Airline Industry Performance Improving
The airline industry turned the corner in June, according to Giovanni Bisignani, IATA`s Director General and CEO. “Although we are still well below where we were at the same time last year, travelers are returning,” he said. “We expect that traffic recovery will intensify through July and August as a result of pent-up demand and the northern hemisphere summer holiday season,” he said.
Preliminary IATA traffic figures for June 2003 show a 11.8% drop in international passenger traffic over June 2002, with SARS-hit Asia Pacific carriers experiencing a 35.8% drop, still the worst performance among all of the regions. These figures, however, show considerable improvement over the 21% and 55% year on year drops recorded respectively for May.
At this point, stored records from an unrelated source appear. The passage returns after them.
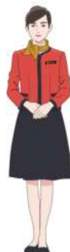
車内アテンダント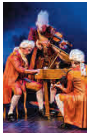
'Maestrissimo' de Yllana

'Vidas enterradas' es el título de una serie de reportajes de la Cadena Ser. Partiendo de ese material, las compañías Corsario, L'OM-Imprebis, Micomicón y Temple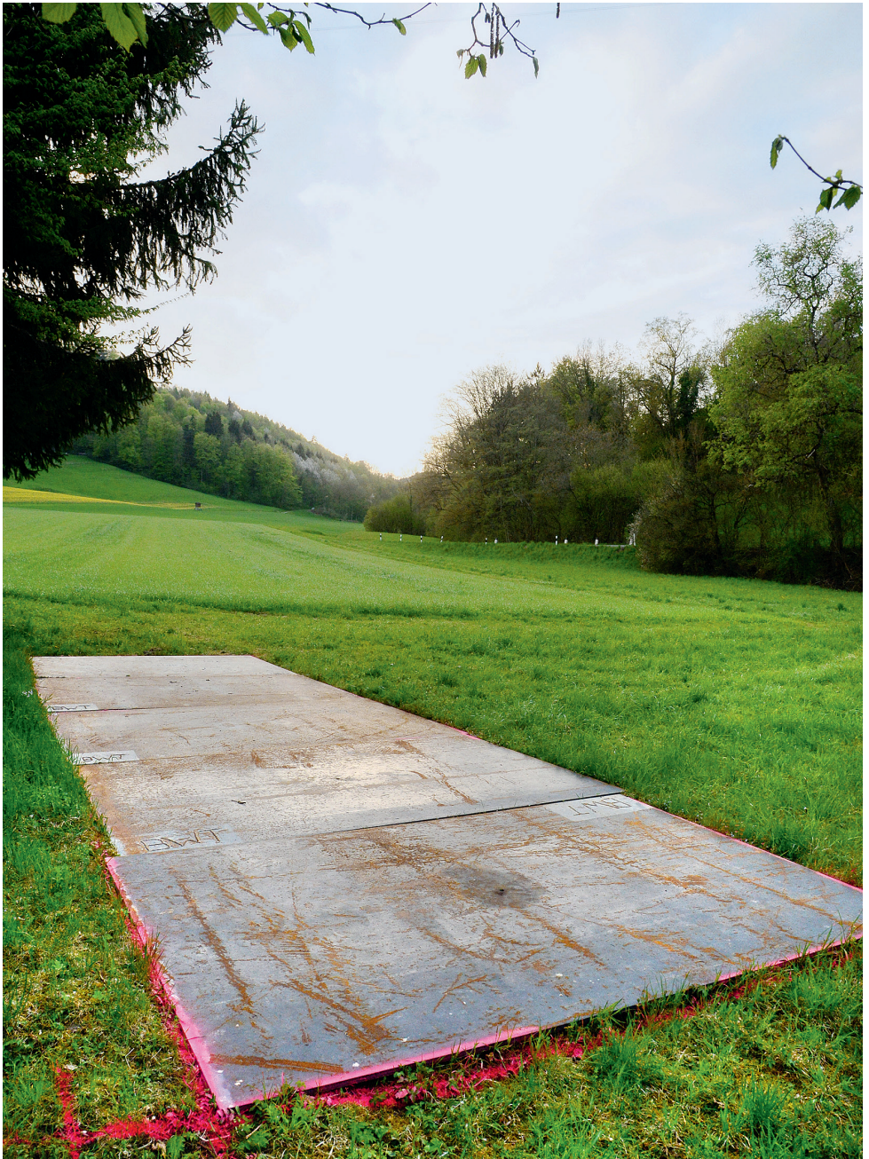
B-Side, 2015, Stahl, Spraylack, 300x1000x2 cm, Skulpturen-Symposium Weiertal.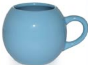
POLO ☐ 420ml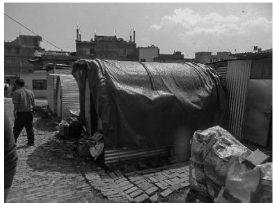
写真12 被災地に建てられた仮設住宅

かあり通過するのに時間を要した。カトマンズ盆地を北東方向に抜けると、広大で急峻な山岳地域となり、深い溪谷を流れる川に沿って、曲がりくねった道路を進むこととなった。途中の集落では、建物の被害も散見されるようになったが、急峻な斜面の崩壊も多く発生した形跡が多く認められた。山岳地域は集落もまばらで人口も少なく、被害分布の全容については、把握することは極めて難しいと思われた。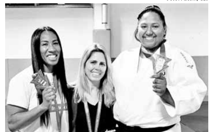
Brasileiras exibem, com orgulho, as medalhas conquistadas em Abu Dhabi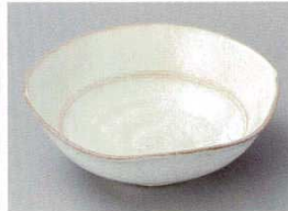
059-12-105 2,700円 粉引五角お手盛り鉢 (18×17×6cm)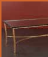
87.5880 pag. 33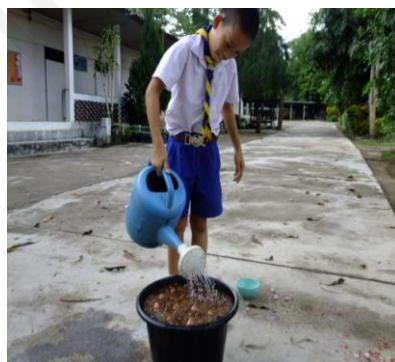
ภาพที่ 17 : ภาพการรดน้ำเมื่อปลูกเสร็จ ที่มา: จรวพร ปัญญาดา(2556)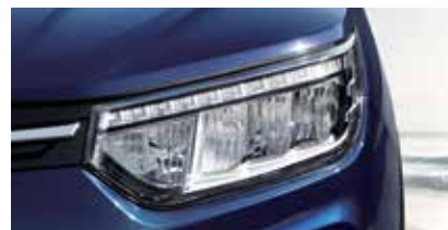
Full LED 헤드램프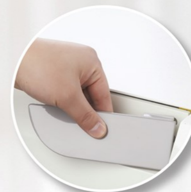
Chiusura porta Elettrica e Meccanica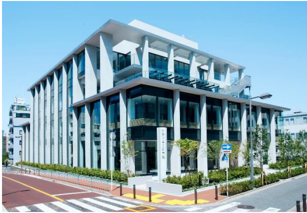
県立図書館本館（令和4年9月開館）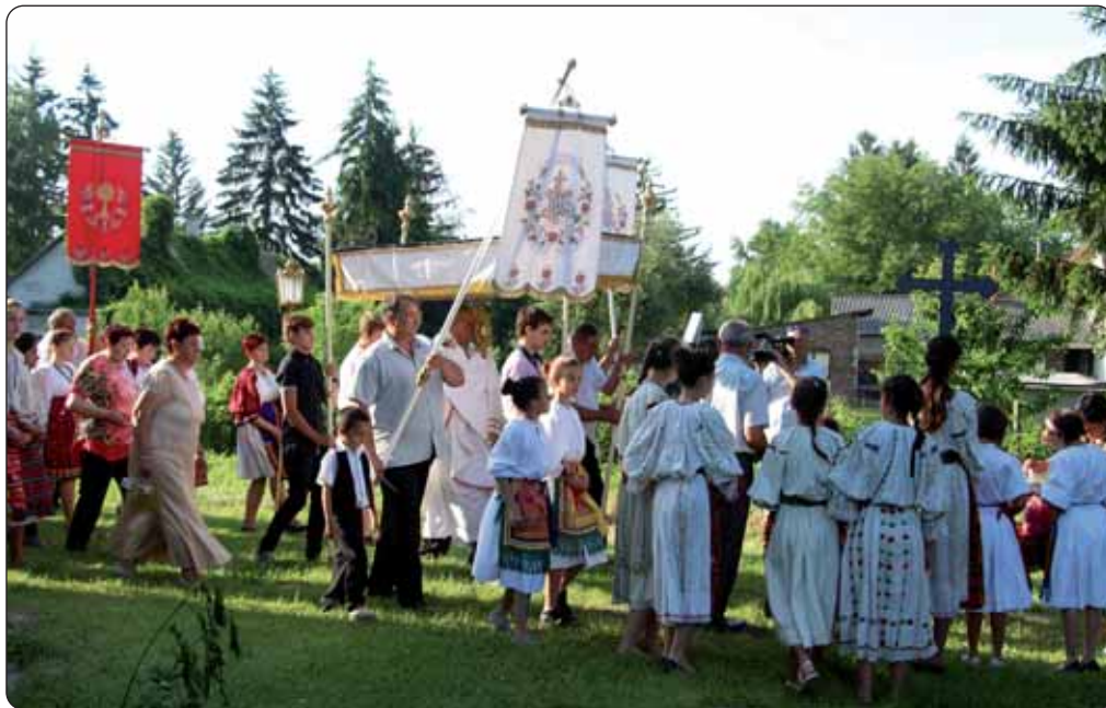
Tijelovska ophodnja u Lukovišću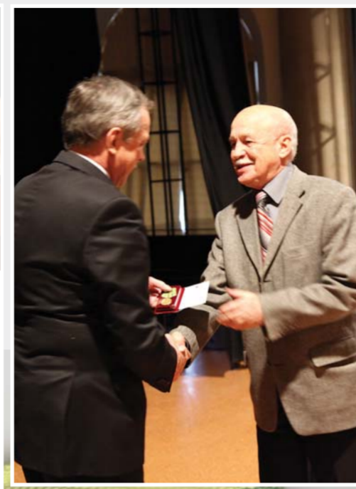
Торжественное награждение блокадников-сотрудников Герценовского университета памятным юбилейным знаком «70 лет со дня полного освобождения Ленинграда от фашистской блокады»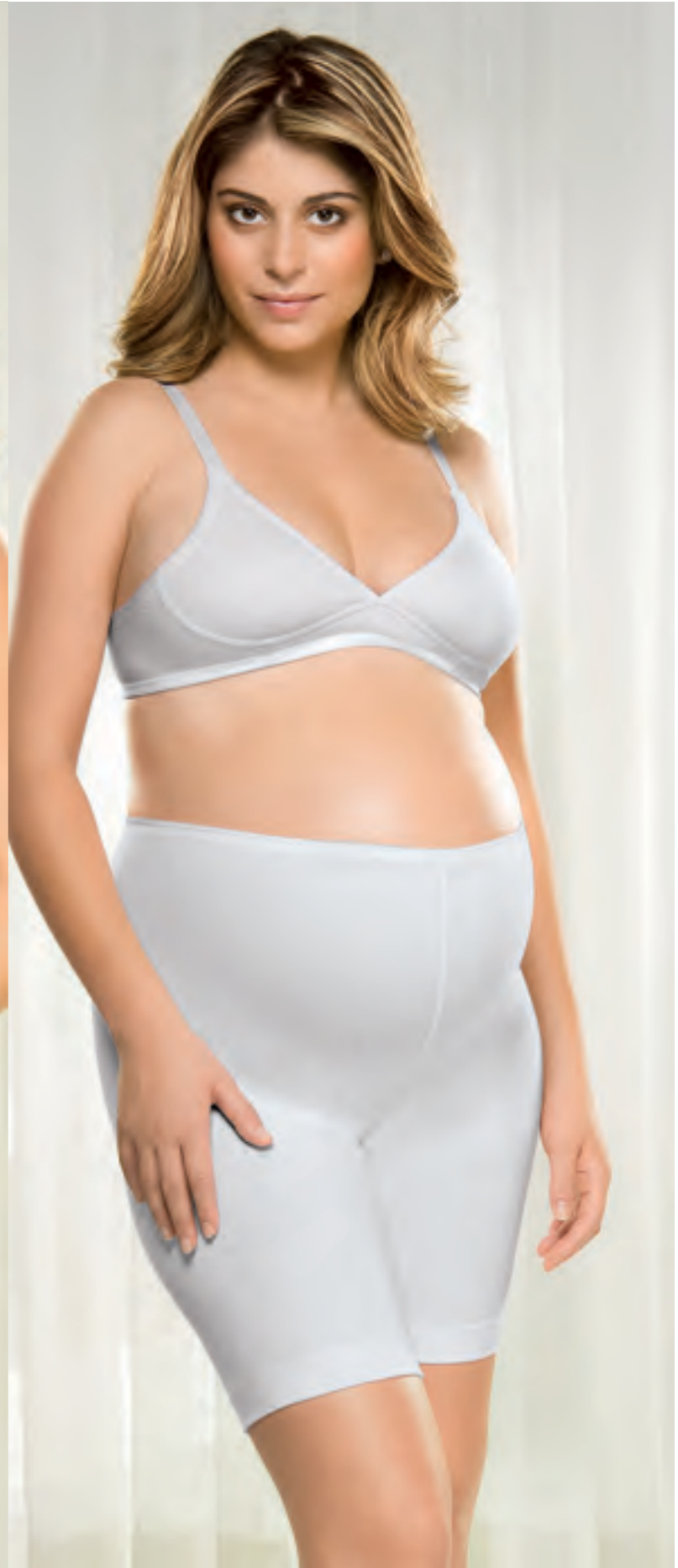
Cotton 331 Tam.: PQ, MD, GD, EG 532 Tam.: PQ, MD, GD, EG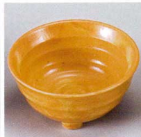
84-203-16 240円 赤志野三ツ足小付 (8.2×4) 508720216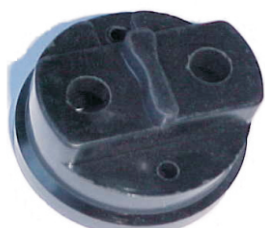
A-09 MOTOR CRAF, FORD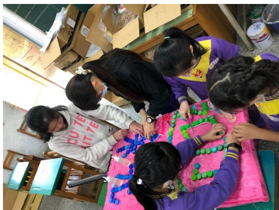
藝閣踩街-喜幛製作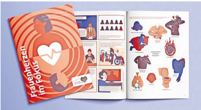
Den Comic der Herzstiftung kann man bestellen.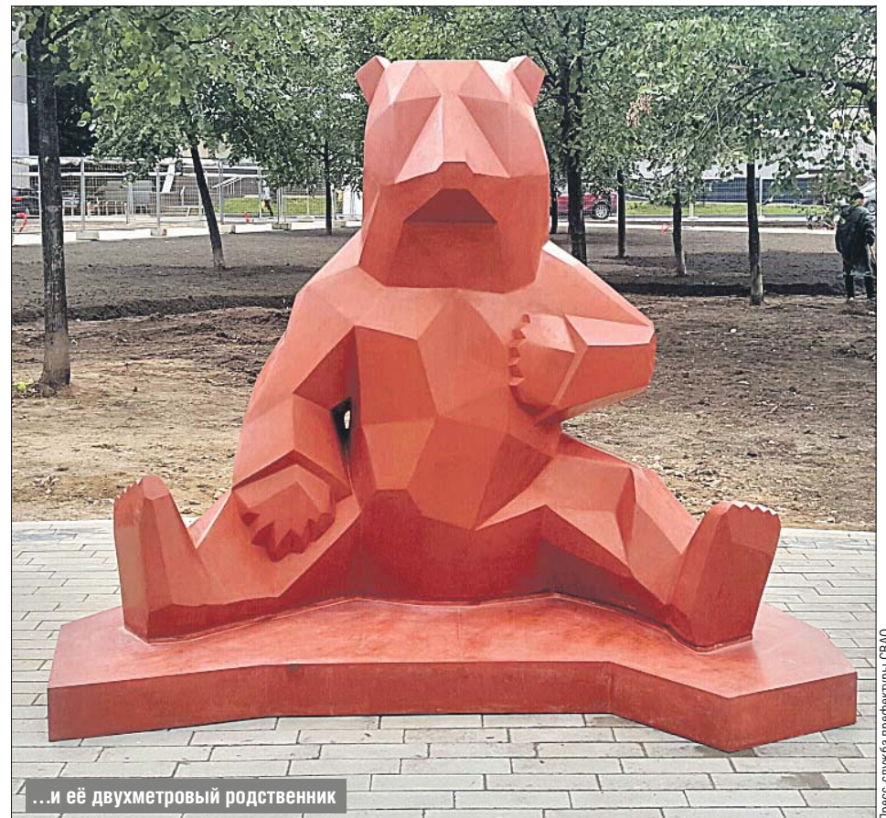
...и её двухметровый родственник

В СВАО идут масштабные работы по обустройству дворов, дорог и скверов. Они решают не только насущные проблемы жителей, но и приносят оригинальные черты в облик районов.

“The worst is over, but the road to recovery will be long. Even the most optimistic scenario for a robust traffic recovery will not see yields returning to normal for some time,” cautioned Mr. Bisignani.
“Controlling costs must become an automatic best practice for airlines and their industry partners.
Recovery to where we were in January 2003 or even January 2001 is not sufficient. That will only leave our industry as vulnerable to the next crisis as we have been to SARS, Iraq and the other recent crises. We are arriving at a new norm for the industry where crises are no longer extraordinary events, but part and parcel of the business cycle. The industry needs to evolve to a new cost structure that will allow it to weather these future crises as a matter of course,” he said.
The Association of European Airlines has released traffic figures for the week ending August 10th. Overall, traffic in week 32 was up 2.9% compared with 2002, a percentage point higher than week 31. The North Atlantic, at 7.9% has posted, for the 8 th consecutive week, a growth well above 5% with a cumulative rate of 3.8% from the beginning of the year.
Traffic in Europe, AEA’s most important market, increased by 1.0%, a figure slightly lower than previous week’s, but for the 7th time, since the end of the Gulf War, in the positive.